Edward Dart was one of the most prolific Chicago architects of the 1950s through the 1970s until he died suddenly at age 53.  Best known for his church designs, and at one time referred to as Chicago’s leading church designer[1], Dart designed modernist homes and other structures, primarily in the Chicago area.  His incorporation of a building to its site, the natural materials he selected for his structures and the spaces he created truly made Dart a unique mid-century architect.  Despite this broad body of work, though, Dart remains largely unknown outside of the Chicago architecture community.

 Edward Dupaquier Dart was born on May 28, 1922 in New Orleans, Louisiana. Following high school, Edward Dart attended the University of Virginia and eventually Yale School of Architecture.  At Yale, he encountered visiting professors such as Pietro Belluschi, Marcel Breuer, Richard Neutra, Louis Kahn, Eero Saarinen and Paul Schweikher.[2]  These architects introduced Dart to the modern architecture of the 1940s and ultimately influenced the development of his design philosophy.

When Dart finished school in 1949, he began working for Edward Durell Stone in New York City.  Shortly after, Dart moved to Chicago to begin working for Paul Schweikher, who he knew from Yale, at the firm of Schweikher and Etling which was in Roselle, Illinois.  Dart worked with Schweikher for only a few months and then began practicing on his own. In 1952, he got his first church commission— St. Michael’s Episcopal Church in Barrington[3] and by 1954 Dart was a member of the American Institute of Architects.  In the 14 years that Dart had an independent practice, he designed 88 buildings and his office moved to four different locations in and around Chicago.  Dart was named a fellow of the American Institute of Architects in 1967 for his “notable contribution to the advancement of the profession in design.”[4]

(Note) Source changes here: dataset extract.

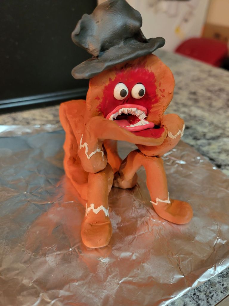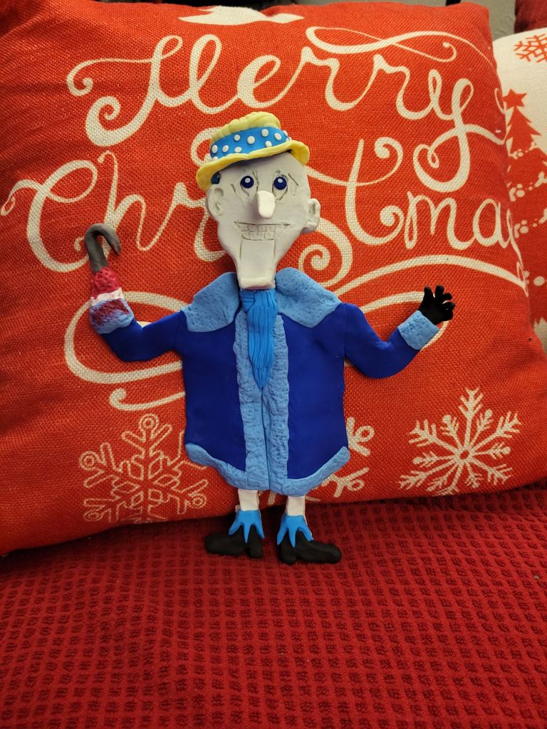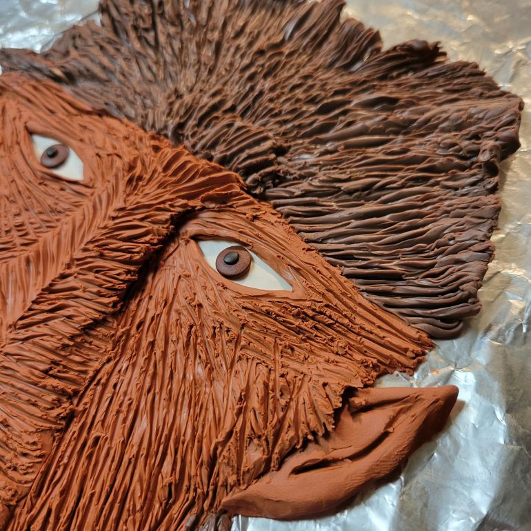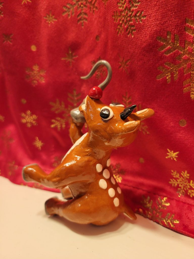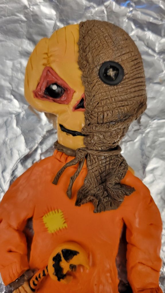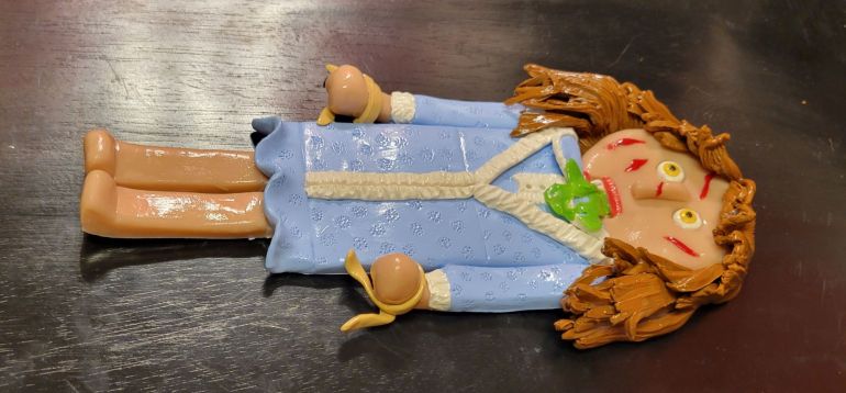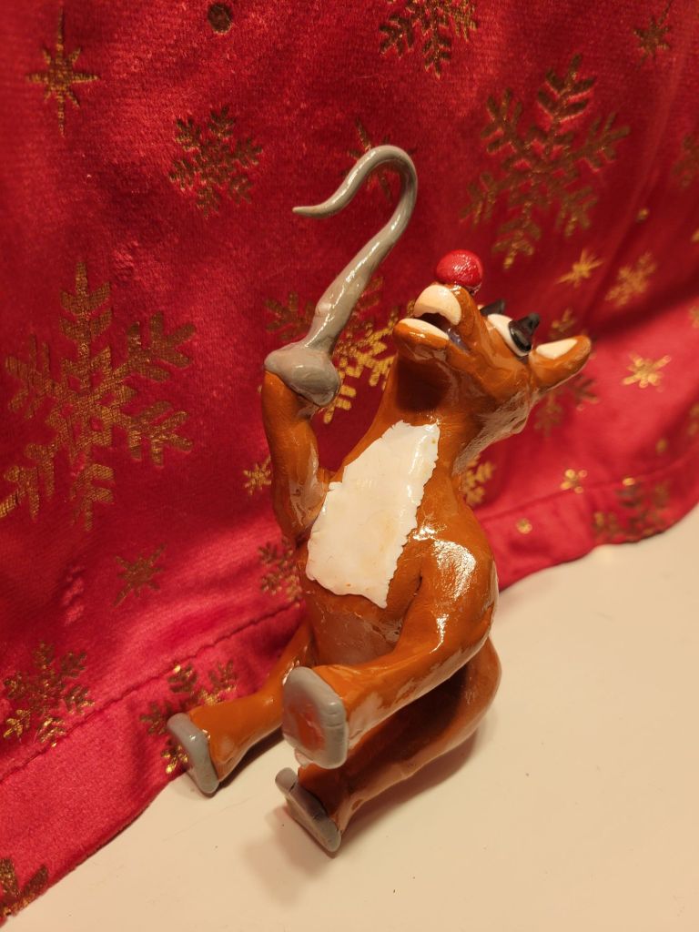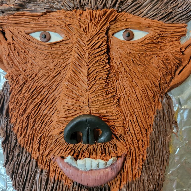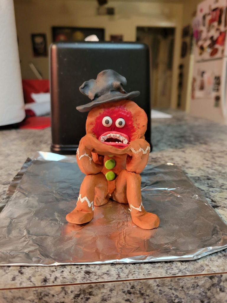 All sculptures were made by me with oven-bake polymer clay and sealed in a gloss or matte varnish. In some cases, I mounted them on my own acrylic-on-cardboard/unfinished wood paintings.

In 1965, Dart joined the prominent firm of Loebl, Schlossman & Bennett, which then became known as Loebl, Schlossman, Bennett & Dart.  Dart designed 31 buildings with the firm, including what is considered to be one of his best designs— St. Procopius Abbey in Lisle, Illinois, completed in 1970. In the same year, he became the principal architect of Water Tower Place on Michigan Avenue in Chicago.  The building is still one of the most notable on Chicago’s Magnificent Mile.

Edward Dart died unexpectedly at age 53 on July 9, 1975 while still a prominent architect with Loebl, Schlossman, Bennett & Dart. In a 1975 Chicago Daily News article that was written shortly after his death, Dart’s character and architecture were summarized:

“Looking at today’s urban skyline, Edward D. Dart worried that it lacked guts as well as humanity, and said: ‘Architecture is humorless.  It says nothing.  It neither laughs nor does it cry.’  An architect concerned with humanity, Mr. Dart died suddenly this week at age 53, depriving Chicago of its leading church designer.  His masterpiece was the rambling St. Procopius Abbey in suburban Lisle, a linked complex of buildings deftly related to its site.  His housing also was outstanding, such as the sloped roof cluster for the Chicago Theological Seminary at 58th Street and Dorchester.  By general agreement, he was considerably less sure of himself doing tall, large buildings.  Ed Dart’s forte was the human scale.”[5]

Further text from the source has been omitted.